4.   In support of its conclusion, the majority also claims that awarding Baxter the additional amount of $96,500.91 would violate the tenets of fair compensation.   The majority claims that its conclusion is consistent with several theories:  that damages cannot be presumed, that damages must be reasonably precise, that duplicative recovery results in unjust enrichment, that the injured person should be compensated with the least burden to the wrongdoer, and that a plaintiff has a duty to mitigate damages.There were no presumed damages in this case.   In fact, the parties stipulated to the exact amount of the medical expenses:  $108,668.31.   While it is true that an injured party cannot recover twice for one injury, under the collateral source rule, the tortfeasor is required to pay for all the harm he causes, even if this creates a double compensation for part of the plaintiff's injuries.   restatement (Second) of Torts § 920A cmt. b. Moreover, the principle behind the collateral source rule, that it is better for the wronged plaintiff to receive a windfall than for the tortfeasor to pay less than the damages he owes, specifically refutes the majority's contention.  Johnson v.
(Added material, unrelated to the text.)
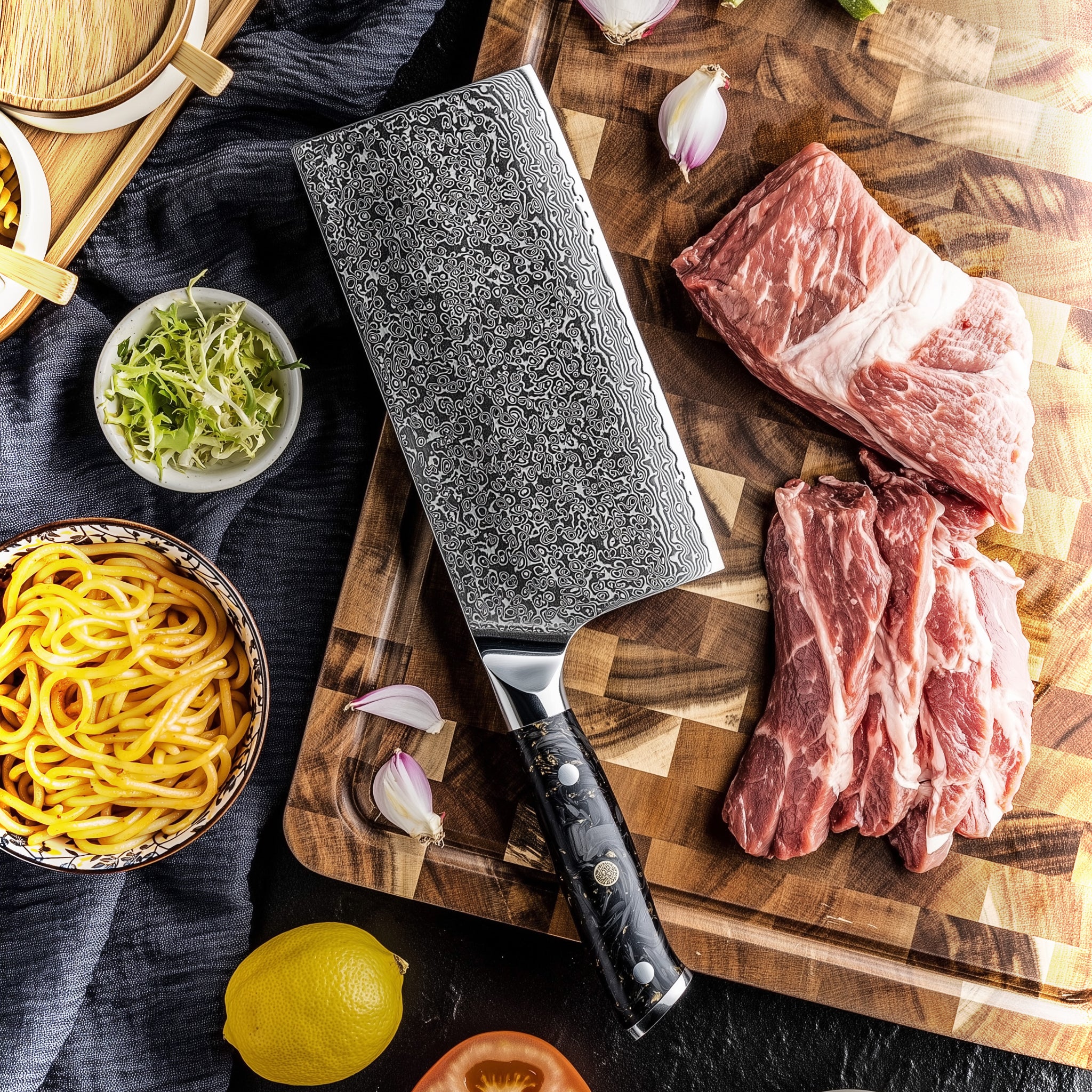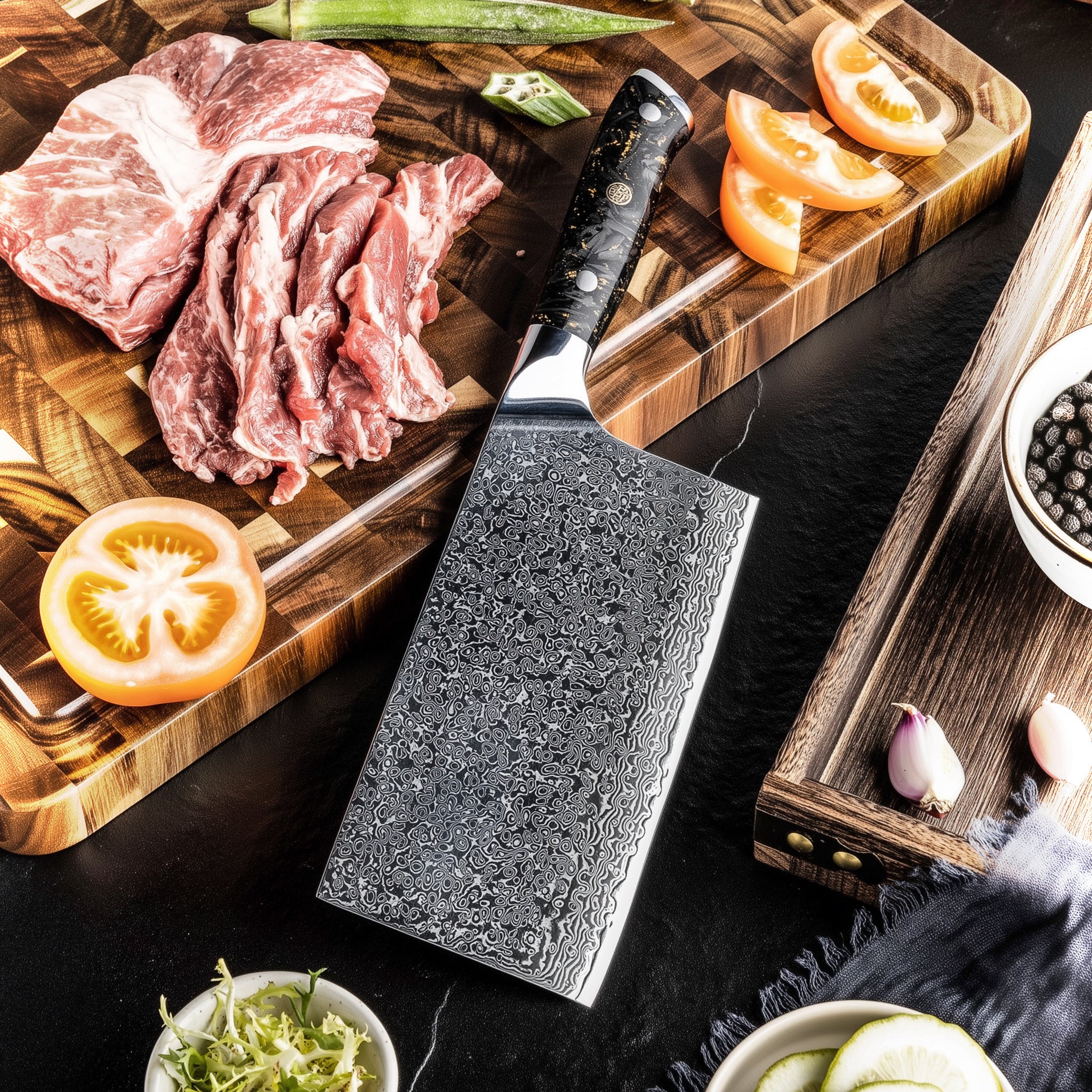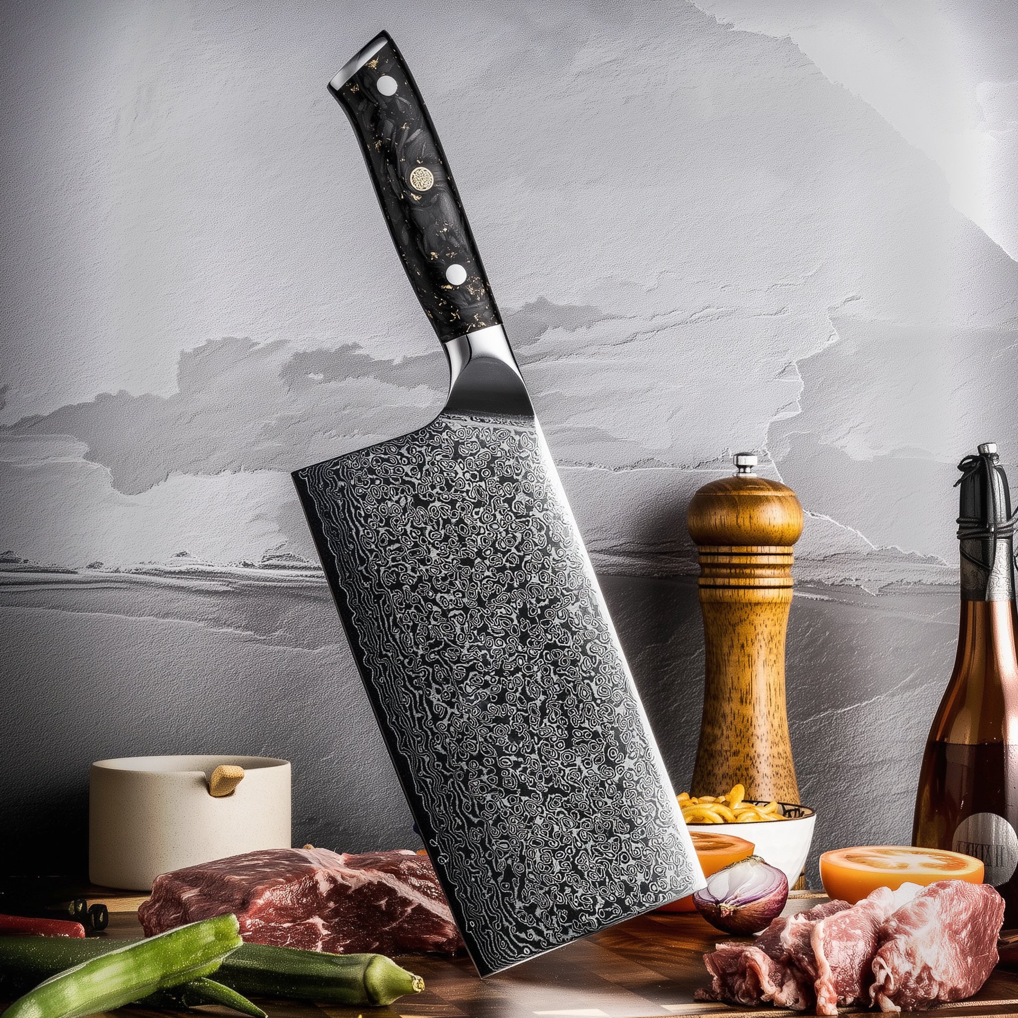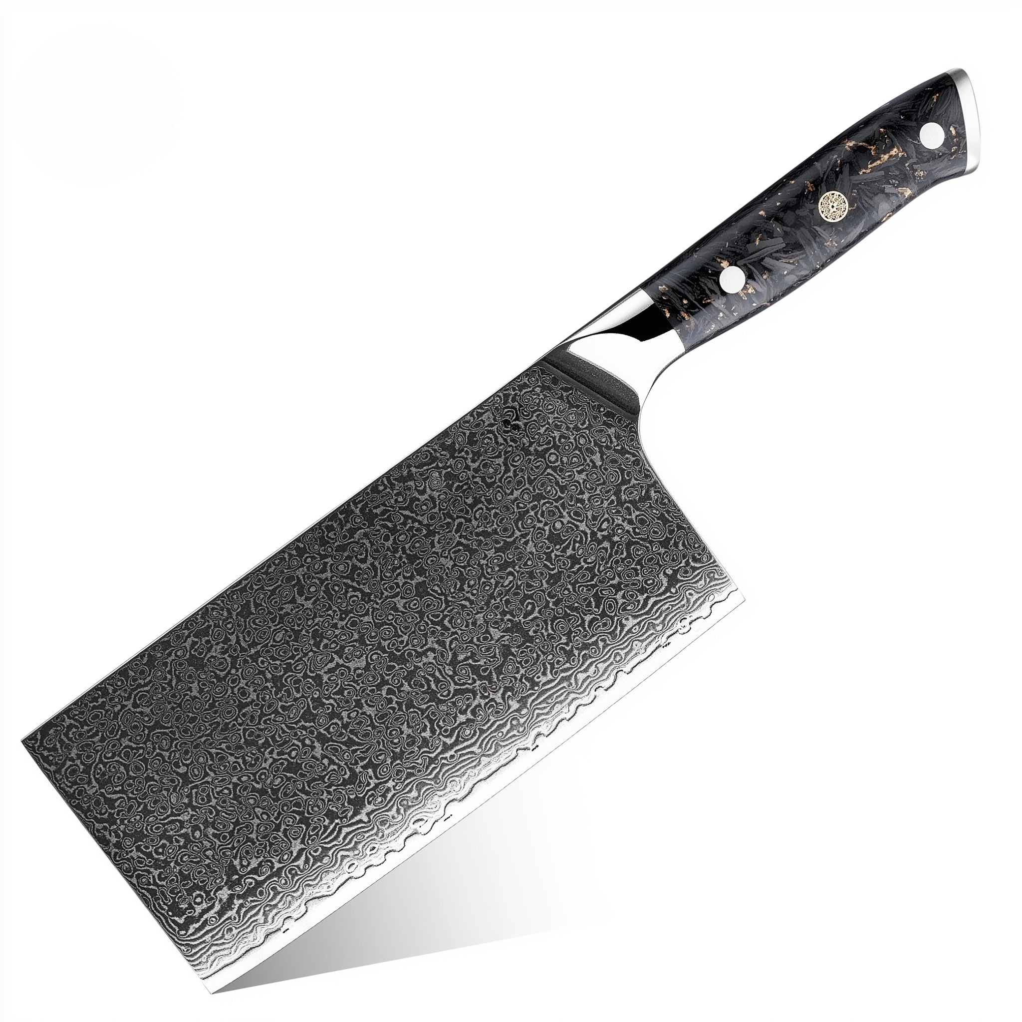 黑金系列,刀刃由67層大馬士革鋼製成,握柄處由碳纖維+金箔製成,適用於日常廚房料理,切肉,切片,蔬菜瓜果類,(家禽骨頭以及冷凍食品等堅硬的食物會影響刀的鋒利度,特殊需要請選擇專用砍骨刀)。

Beane, 541 Pa. 449, 456, 664 A.2d 96, 100 (1995).Finally, the majority finds that the principle of damage mitigation applies in the instant case.   For example, the majority cites Robison v. Rupert, 23 Pa. 523 (1854), where this Court held that the plaintiff could not receive full compensation for damages caused when the defendant shot into a crowd of youths rioting outside his home.   I fail to see how this rule of law applies to the instant case.   Moreover, it stretches the bounds of relevance to analogize a patient injured by the negligence of a medical provider to the trespassing plaintiff in Robison, who was injured after provoking the defendant landowner.

CAPPY, Justice.

Justice SAYLOR did not participate in the consideration or decision of this matter. Justice ZAPPALA concurs in the result. Justice NIGRO files a dissenting opinion.